Reputation: 216
I am new in chrome app development,I have developed desktop based app few days back using NW , Now i want to developed same app for chrome.
Here what i want to achieve -
1.Create folder (named same as app name) in user's local file-system,when app installed.
2.Storing/Accessing files and folders inside above folder.
are these problems can be solved by chrome's file-system API? if YES then please suggest me the way.
BTW , I have tried to access file-system api and my manifest file look like below-
{
"manifest_version": 2,
"name": "sampleApp",
"short_name": "sampleApp",
"description": "A Sample APP",
"version": "0.0.1",
"minimum_chrome_version": "38",
"icons": {
"16": "assets/images/icon_16.png",
"128": "assets/images/icon_128.png"
},
"permissions": [
{"fileSystem": ["write", "retainEntries", "directory","requestFileSystem"]},
"unlimitedStorage",
"system.network",
"storage"
],
"app": {
"background": {
"scripts": ["main.js"]
}
}
}
When i run my app and try to access file system api i see warning in chrome extension area-
Note : I am using win 10.
fileSystem.requestFileSystem' is not allowed for specified platform
Upvotes: 2
Views: 280
Reputation: 77482
requestFileSystem
is the wrong API to use:
Available to kiosk apps running in kiosk session only.
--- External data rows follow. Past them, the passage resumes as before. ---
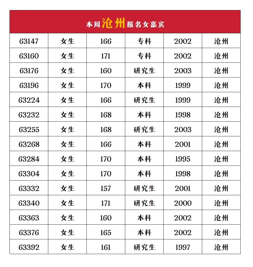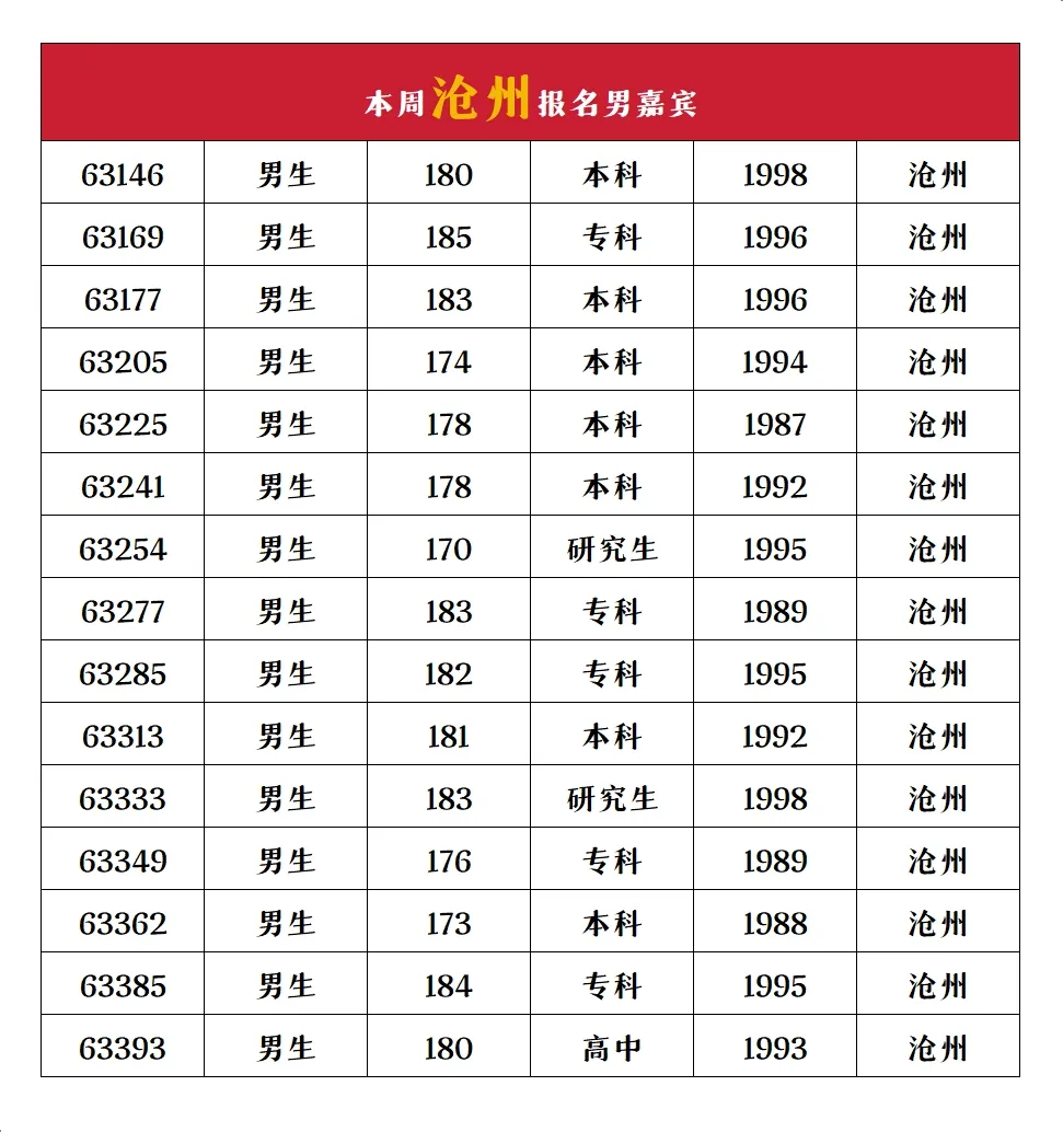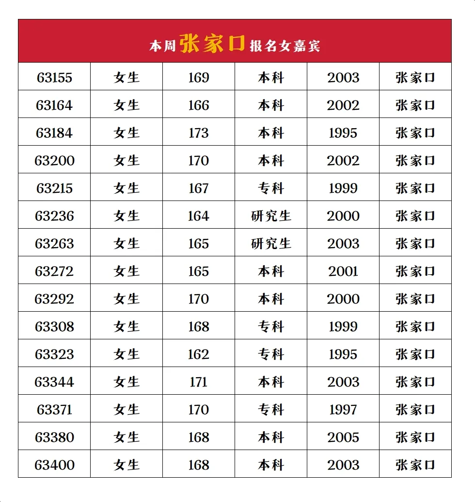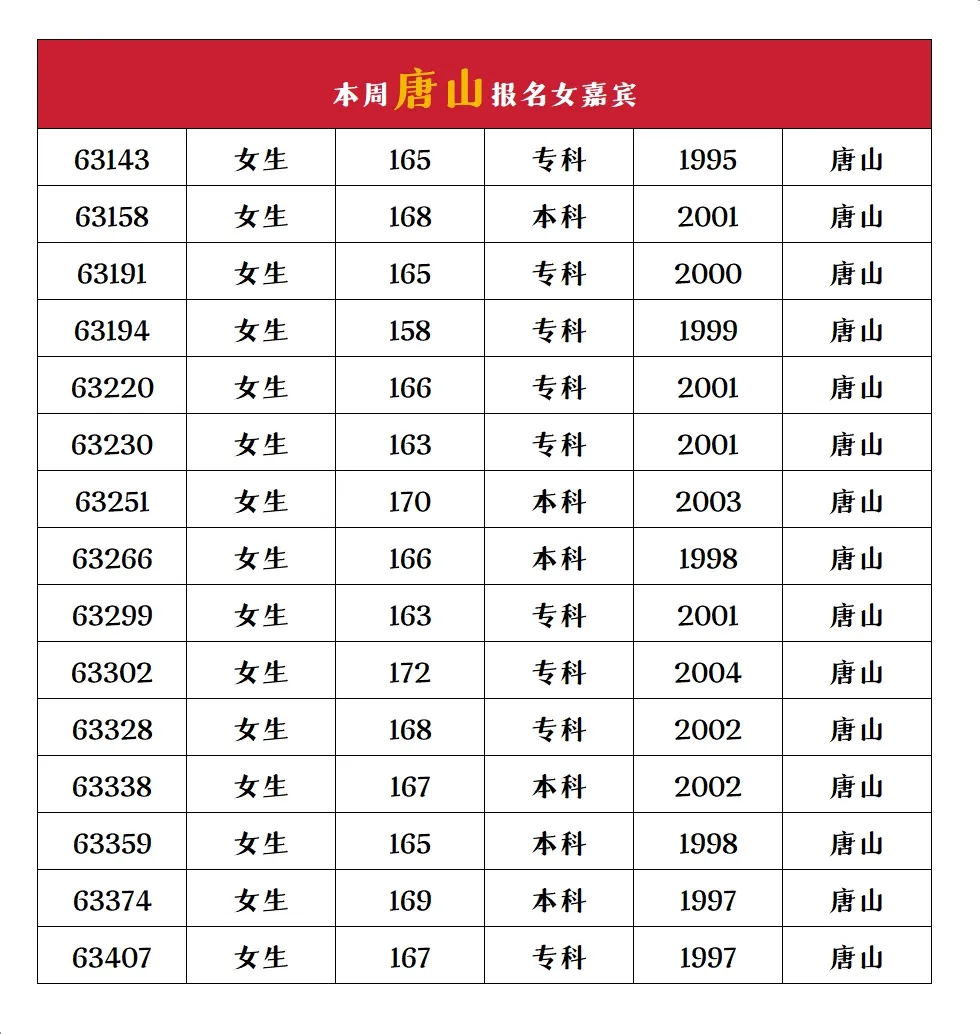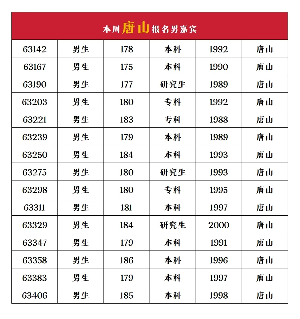 本期恋爱匹配已报名嘉宾,篇幅有限,每个城市仅展示部分嘉宾,目前河北开放城市:石家庄、保定、唐山、邯郸、沧州、邢台、廊坊、衡水、张家口。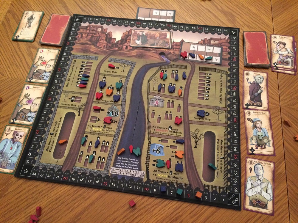 The head of your family has died. The will has been read and you are last in line to take over the family. This doesn’t sit well with you. You have decided to take matters into your own hands and improve your position. The dirty work has been done, but now you need to get your family members into the most exclusive cemetery in the city. You thought this would be the easy part, but two things came up that you didn’t expect. One, that there people would be making the same power move in their families causing more competition in the cemetery and the laziness of the Gravedigger. Each day he only has a limited number of spots in his cart and for each one over his limit, he will toss them into the river. Players will have to bid effectively to get their coffins not only buried, but also in the best spots. You might even be forced to do some grave robbing and grave swapping to earn the points necessary to win the game. After eight rounds of play or when one player has placed all of their coffin tokens on the board, you will total up victory points and the player with the most wins the game.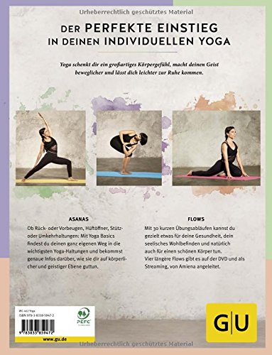 Yoga Basics vermittelt alles, was Yoga-Einsteiger wissen sollten – und dies auf sehr ansprechend gestaltete und zeitgemäße Weise. So wird die Yoga-Philosophie gleich auf den modernen Alltag bezogen. Was kann ich vom Yoga für meine Beziehungen zu anderen Menschen lernen, wie hilft mir der Yoga, besser mit Stress umzugehen? Um solche Themen geht es im Einführungskapitel und auch darum, dass jeder sein Yoga entsprechend seiner körperlichen Voraussetzungen praktizieren sollte. Im großen Asana-Kapitel werden die 30 wichtigsten Positionen anhand vieler Step-Fotos beschrieben – immer mit Hinweisen auf die Wirkung sowie auf individuelle Variationsmöglichkeiten. Für das Flow-Kapitel hat die Autorin die Asanas zu kurzen Bewegungsabläufen kombiniert, die das Üben dynamischer und abwechslungsreicher machen. Und mit der DVD kommt Amiena Zylla ins Wohnzimmer und leitet auf ihre unnachahmlich charmante Weise vier verschiedene Übungsprogamme an.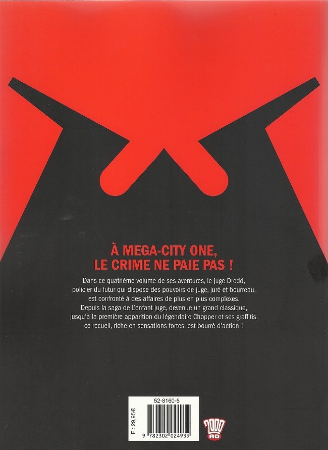 Résumé: Dans ce quatrième volume de ses aventures, le juge Dredd, policier du futur qui dispose des pouvoirs de juge, juré et bourreau, est confronté à des affaires de plus en plus complexes. Depuis la saga de L’enfant juge, devenue un grand classique, jusqu’à la première apparition du légendaire Chopper et ses graffitis, ce recueil, riche en sensations fortes, est bourré d’action !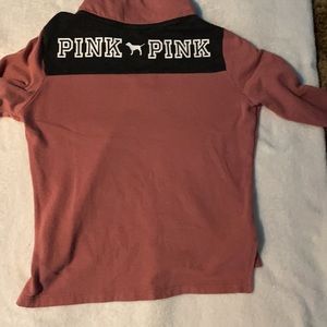 This is a pink sweater that’s half zip and has a dog on the right shoulder.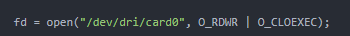 DRM框架成功加载后,会创建一个设备文件/dev/dri/card0,上层用户应用可以通过该文件节点,获取显卡的各种操作。

You should just call fileSystem.chooseEntry
to ask the user where he wants that folder created, and then retain that entry so you don't need to ask for permission again.
There is no way to NOT ask the user through chooseEntry
, but you can do this only once.
A good fileSystem
API sample is provided by Google.
Note, you can silently request access to your App's install folder (as you ask in the title) with chrome.runtime.getPackageDirectoryEntry
. However, this access is read-only.
And if you ever modify that folder, no matter how, Chrome will promptly disable your app as "compromised", as it keeps signed hashes of all files downloaded from Chrome Web Store.
As a potential solution, you can request a virtual filesystem before prompting the user if you don't want that prompt to be the first thing your app does. But to write out to disk you'll need the prompt. So it makes little sense to overcomplicate it this way - explain to the user that you need him/her to select a save location.